Why?

I like data and cannot lie

Summary

Objective: Find new cafes around Montreal to try out

Problem statement: finding cafes randomly can be tedious and blog sites often repeat known cafes

Solution: Using Google Place API with a modern data stack to fetch and filter out cafes to a updating list of cafes based on Google Reviews and recent review activity to find trending places

Tools Used

Google Sheet, App Script, BigQuery, Google Place API, ChatGPT/Gemini, Cloudflare

MVP

First to validate my idea would work, I went with what I know best, Google Sheets + App Scripts. I had to create a new API Key within my GCP with access to Google Place API, plus a few geo functions as I need to determine Latitude and Longitude for my search.

API challenges

Google Place API has two important restrictions that made it hard to search for all cafes in the city.

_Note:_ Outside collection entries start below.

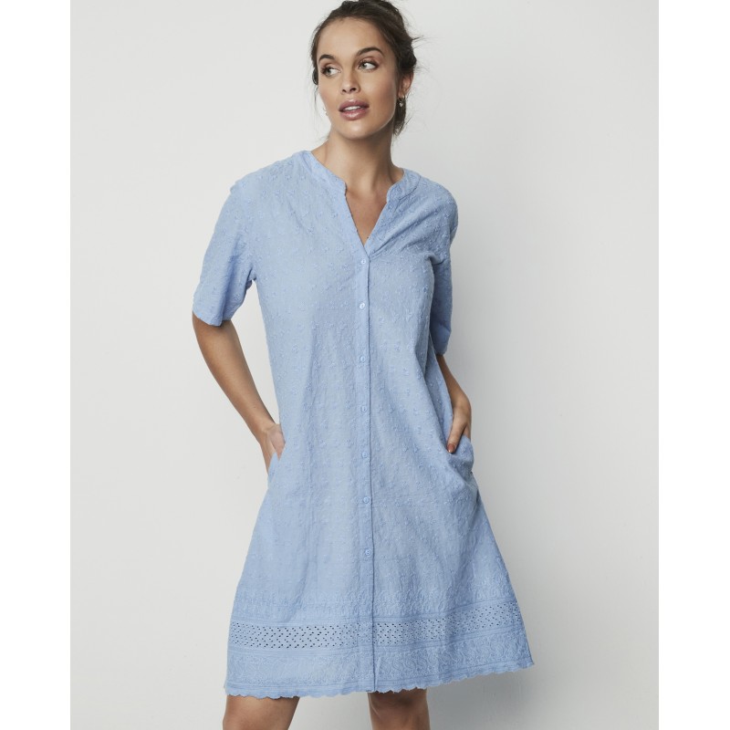 Camisón de manga corta 100% algodón. Cuenta con cierre delantero con botones tipo camisa y cuello estilo mao. Sus detalles de bordado y la cenefa de su bajo lo convierten en una pieza elegante a la par que cómoda y fresca. Ideal para la temporada estival.
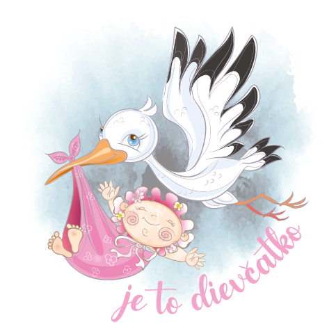 Okrúhle nálepky s motívom bociana s bábätkom a nápisom "je to dievčatko" alebo "je to chlapček".
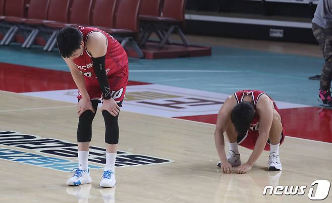 (창원=뉴스1) 여주연 기자 = 15일 오후 경남 창원실내체육관에서 열린 '2021-2022 KGC인삼공사 정관장 프로농구' 창원 LG 세이커스 대 원주 DB 프로미의 경기에서 71 대 73으로 역전패 당한 LG 선수들이 고개를 숙이고 있다. 2021.10.15/뉴스1

My solution at first was to focus my API calls to a individual neighourhoods as API allows for text search. However even by neighbourhoods proved to be too large of an area. So I decided to go by Forward Sortation Area (FSA), the first 3 characters of a postal code for a smaller grid. This appeared to work most of the time to stay below the 60 results per API call. So I was searching 1000m radius per FSA. This gave me ~650 cafes in Montreal. I only had 2 more issues to tackle, time out on my API call and handling FSA dense areas like downtown. So I lastly updated script to have individual search radius per FSA + a few full postal codes, so i can search multiple smaller grids downtown and only a 250m search radius. Although I would have many duplicates, I could easily filter it out downstream While I spent some time to improve the run time and allow for multiple runs to complete search grid (by tracking process and starting consecutive runs from previous point), the end result still need 4-5 runs to complete and I’d get spammed on timeouts notifications. Moving on. For Reviews, as I could only get 5 per place and couldn’t find a way to get more, my current solution is to fetch a daily snapshot and slowly accumulate more reviews per place. So eventually I can see # of new reviews in a short timeframe (ie: a month) and sort by count to find trending places, with the assumption that trending places get more reviews in a short time frame.

Billing challenges

I've twiced accidentally went over the free tier, both times during testing when trying to optimize my search and calling the API too often. First time was minor (a few dollars) that I paid. Second time due to me rewriting my App Script function which was flawed and called the api a few thousand times, I had to put in a Google billing support request to adjust billing :(

Map

To visualize the map search grid, I plotted the existing data I had with the lat/long + search radius to see my coverage

Map Grid Visualization

Pausing API

While I look to optimize/limit my api usage in my pipeline, I've turned off the API to avoid additional costs. This includings Google Maps API for the visualizations.